China has remained neutral during the conflict and has stated it “will always stand on the side of peace and justice.” __Access to China__’s alternative payment system may be one option for yuan reserves. Alternative purchasers for Russian products, for example gas sales to China, may offset lost sales to Europe or the U.S. China’s customs agency has reportedly approved the import of Russian wheat though importers of oil are reported to as being more cautious.

There is of course the risk that Russia takes retaliatory export sanctions in natural gas, platinum group metals and aluminum products, as it has already done in air overflight access. Russia continued to supply natural gas throughout the Cold War and a loss of sales could exacerbate the damage to its own economy.

The main area of counterproductivity would come from the impact of higher commodity prices, which have exacerbated the longer-term increase in input costs for supply chains. Thus far industry participants have indicated an expectation that oil and gas will continue to flow.

As of the writing of this report, the OPEC group remains committed to its existing production plans. However, the governments of the United States, Japan and other IEA members plan to release 60 million barrels of oil (4% of their stockpiles) or less than one day of demand from strategic oil and petroleum reserves to mitigate the impact of higher prices.

In conclusion: the sanctions taken against Russia in relation to the war in Ukraine are far-reaching and impact upon both its financial community, the ability of supply chain operators to pay for transactions with Russia and greatly limit exports of high technology goods. Future research will examine the impact on companies and their strategic reactions.
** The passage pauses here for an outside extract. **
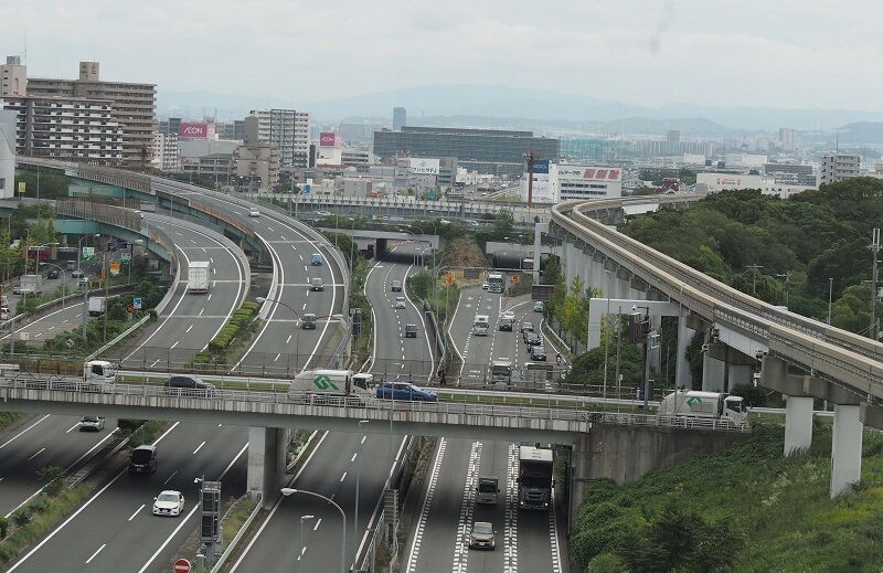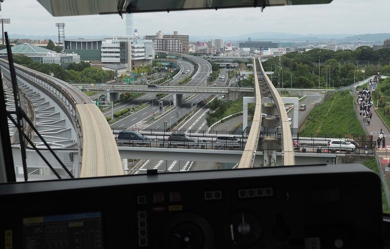 発車すると高度を上げ、中央環状線と中国自動車道を一気に跨ぐ。右が門真市に向かう線路。何度見てもこの光景は凄いと思う。

Disclaimer: The contents of this report are made available for informational purposes only and should not be relied upon for any legal, business, or financial decisions. Flexport does not guarantee, represent, or warrant any of the contents of this report because they are based on our current beliefs, expectations, and assumptions, about which there can be no assurance due to various anticipated and unanticipated events that may occur. This report has been prepared to the best of our knowledge and research; however, the information presented herein may not reflect the most current regulatory or industry developments. Neither Flexport nor its advisors or affiliates shall be liable for any losses that arise in any way due to the reliance on the contents contained in this report.